Here are some caveats and limitations of bcpandas. Hopefully they will be addressed in future releases
* In the `to_sql` function:
  * If `replace` is passed to the `if_exists` parameter, the new SQL table created will make the columns all of `NVARCHAR(MAX)` type.
  * If `append` is passed to the `if_exists` parameter, if the dataframe columns don't match the SQL table columns exactly by both name and order, it will fail.
  * If there is a NaN/Null in the last column of the dataframe it will throw an error. This is due to a BCP issue. See my issue with Microsoft about this [here](https://github.com/MicrosoftDocs/sql-docs/issues/2689) .
  * Bcpandas attempts to use a delimiter that is not present in the dataframe. This is because BCP does __not__ ignore delimiter characters when surrounded by quotes, unlike CSVs - see [here](https://docs.microsoft.com/en-us/sql/relational-databases/import-export/specify-field-and-row-terminators-sql-server#characters-supported-as-terminators) in the Microsoft docs. Therefore, if all possible delimiter characters are present in the dataframe and bcpandas cannot find a delimiter to use, it will throw an error.
    * Possible delimiters are specified in `constants.py` .
* Currently the STDOUT stream from BCP and SqlCmd is not asynchronous.
* Currently this is being built with Windows in mind. Linux support is definitely easily added, it's just not in the immediate scope of the project yet. PRs are welcome.

## Motivations and Design
### Overview
Reading and writing data from pandas DataFrames to/from a SQL database is very slow using the built-in `read_sql` and `to_sql` methods, even with the newly introduced `execute_many` option. For Microsoft SQL Server, a far far faster method is to use the BCP utility provided by Microsoft. This utility is a command line tool that transfers data to/from the database and flat text files.

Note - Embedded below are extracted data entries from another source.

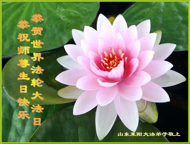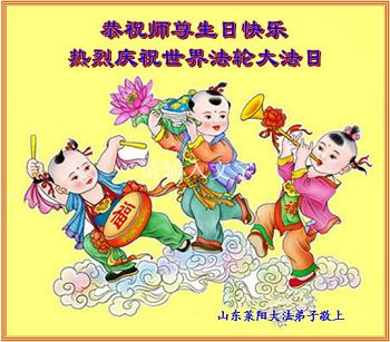 山東省萊陽市全體大法弟子合十跪拜:恭賀慈悲偉大的師尊生日華誕!恭祝法輪大法洪傳世間二十三週年!熱烈慶祝第十六屆「世界法輪大法日」!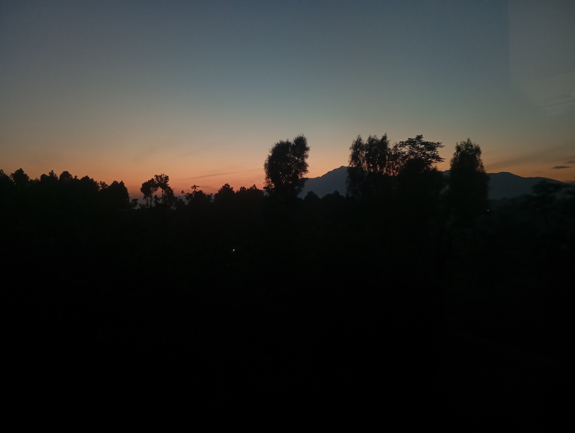 The image presents a landscape at dusk, with a gradient sky transitioning from orange to blue. Silhouettes of trees and vegetation occupy the midground, creating a stark contrast against the colorful sky. A mountain range is faintly visible in the background. The foreground is a solid black area, suggesting darkness. No people or discernible objects besides the natural elements are visible in the scene. The location provided is Lassan, Pakistan.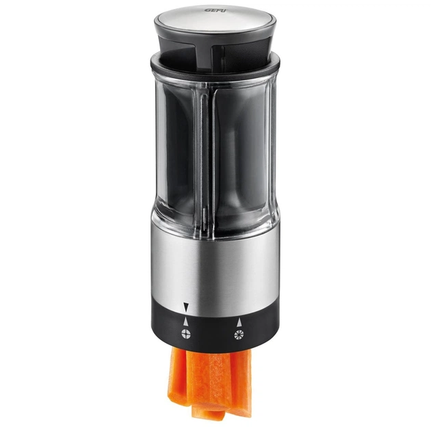 Гнучкість поєднується з дизайном: ви можете миттєво приготувати не лише хрусткі овочеві палички або апетитні картопляні дольки, але й фрукти, за бажанням, нарізані на четвертинки або вісімки.- Центрувальна вставка для вузьких фруктів або овочів, таких як полуниця, виноград або помідори чері.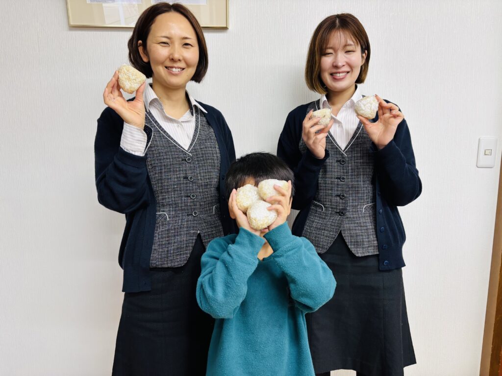 ↑今日は春休み中の従業員の子どもを会社に遊びに来ています。顔をおにぎりでかくしてハイチーズ(*^-^*)

This package is a wrapper for seamlessly using the bcp utility from Python using a pandas DataFrame. Despite the IO hits, the fastest option by far is saving the data to a CSV file in the file system and using the bcp utility to transfer the CSV file to SQL Server. **Best of all, you don't need to know anything about using BCP at all!**

### Existing Solutions

<table>
<tr>
  <td><b>Name</b></td>
  <td><b>GitHub</b></td>
  <td><b>PyPI</b></td>
</tr>
<tr>
  <td>bcpy</td>
  <td>https://github.com/titan550/bcpy</td>
  <td>https://pypi.org/project/bcpy</td>
</tr>
<tr>
  <td>magical-sqlserver</td>
  <td>https://github.com/brennoflavio/magical-sqlserver</td>
  <td>https://pypi.org/project/magical-sqlserver/</td>
</tr>
</table>

#### bcpy
`bcpy` has several flaws:
* No support for reading from SQL, only writing to SQL
* A convoluted, overly class-based internal design
* Scope a bit too broad - deals with pandas as well as flat files

This repository aims to fix and improve on `bcpy` and the above issues by making the design choices described below.

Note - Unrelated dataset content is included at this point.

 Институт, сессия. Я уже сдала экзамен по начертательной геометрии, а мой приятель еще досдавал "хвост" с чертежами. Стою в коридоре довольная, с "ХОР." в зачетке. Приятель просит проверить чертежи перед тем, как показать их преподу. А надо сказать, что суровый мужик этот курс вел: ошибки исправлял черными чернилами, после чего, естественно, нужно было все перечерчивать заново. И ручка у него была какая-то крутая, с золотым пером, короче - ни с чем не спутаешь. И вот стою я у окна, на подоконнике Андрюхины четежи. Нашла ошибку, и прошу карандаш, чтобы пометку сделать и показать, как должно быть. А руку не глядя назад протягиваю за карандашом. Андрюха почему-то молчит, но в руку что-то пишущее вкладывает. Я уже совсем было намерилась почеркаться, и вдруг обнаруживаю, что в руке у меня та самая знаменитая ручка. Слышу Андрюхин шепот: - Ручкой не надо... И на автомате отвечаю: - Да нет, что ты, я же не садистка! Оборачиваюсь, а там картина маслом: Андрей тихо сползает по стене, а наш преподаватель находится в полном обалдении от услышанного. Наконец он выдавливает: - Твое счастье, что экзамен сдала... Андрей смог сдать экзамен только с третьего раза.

> Much credit is due to `bcpy` for the original idea and for some of the code that was adopted and changed.

#### magical-sqlserver
`magical-sqlserver` is a library to make working with Python and SQL Server very easy. But it doesn't fit what I'm trying to do:
* No built in support for pandas DataFrame
* Larger codebase, I'm not fully comfortable with the dependency on the very heavy pymssql

### Design and Scope
The _**only**_ scope of `bcpandas` is to read and write between a pandas DataFrame and a Microsoft SQL Server database. That's it. We do _**not**_ concern ourselves with reading existing flat files to/from SQL - that introduces _way_ to much complexity in trying to parse and decode the various parts of the file, like delimiters, quote characters, and line endings. Instead, to read/write an exiting flat file, just import it via pandas into a DataFrame, and then use `bcpandas`.

The big benefit of this is that we get to precicely control all the finicky parts of the text file when we write/read it to a local file and then in the BCP utility. This lets us set library-wide defaults (maybe configurable in the future) and work with those.

For now, we are using the non-XML BCP format file type. In the future, XML format files may be added.

Both on-prem and cloud (Azure, AWS, etc.) versions of SQL Server are supported.

## Testing
Testing uses `pytest`. A local SQL Server is spun up using Docker.

## Contributing
Please, all contributions are very welcome! 

I will attempt to use the `pandas` docstring style as detailed [here](https://pandas.pydata.org/pandas-docs/stable/development/contributing_docstring.html).